#include <stdio.h>
#include <stdlib.h>
int main()
{
int end;
while(( end = getchar() ) != EOF ){
printf("%d\n",end);
}
system("pause");
return 0;
}
I want to print the ASCII codes of characters with this code but whenever I run the code after it gets the char from me it prints its ASCII equivalent with decimal 10. For example if I run the code and pass "a", it will print 97 and 10. Why does it print 10, this happens with all other characters too. Thank you for answers and as a followup question when I add a counter after I input a character counter's value increases by two, why does this happen
#include <stdio.h>
#include <stdlib.h>
int main()
{
int end;
int count=0;
while(( end = getchar() ) != EOF ){
printf("%d\n",end);
count++;
printf("counter is now %d\n",count);
}
system("pause");
return 0;
}
As stated you are printing the ASCII decimal codes for 'a' and '\n' respectively, this is because, in your code, getchar reads all the characters in the stdin buffer, including the newline character which is present because you press Enter.
You can avoid this by simply making it be ignored by your condition:
while((end = getchar()) != EOF && end != '\n'){
printf("%d\n", end);
}
Disclaimer: David Ranieri added a comment with the exact same solution as I was writing my answer (which he kindly deleted) so credit to him as well.
Regarding your comment question and the question edit:
If you don't want the '\n' to interrupt your parsing cycle, you can simply place the condition inside it.

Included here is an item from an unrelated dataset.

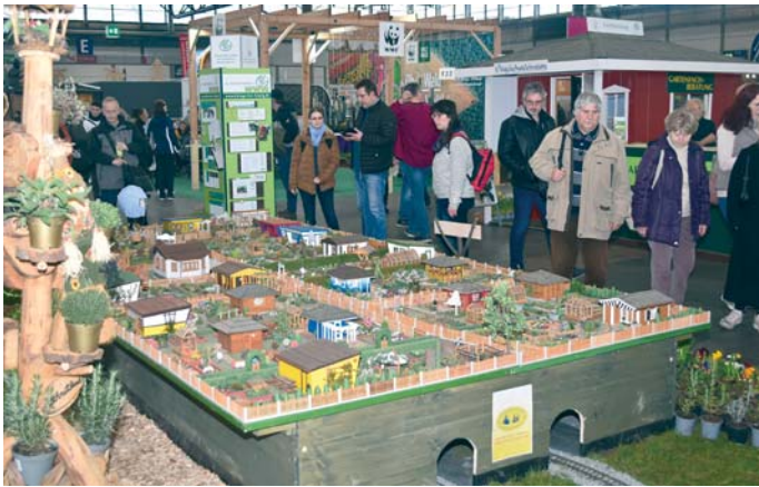
Das liebevoll gestaltete Modell einer Kleingartenanlage war für Erwachsene interessant.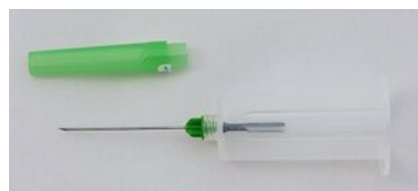
Odběrová jehla připravená k zavedení do žíly.

while((end = getchar()) != EOF){
if(end != '\n'){ //now as '\n' is ignored, the counter increases by one
printf("%d\n", end);
count++;
printf("counter is now %d\n",count);
}
}
The reason why the counter is increased by two is, again, because two characters are parsed, whatever character you input and the newline character. As you can see in the sample, if you ignore the '\n', the counter will only increase by one, provided that you only enter one character at a time.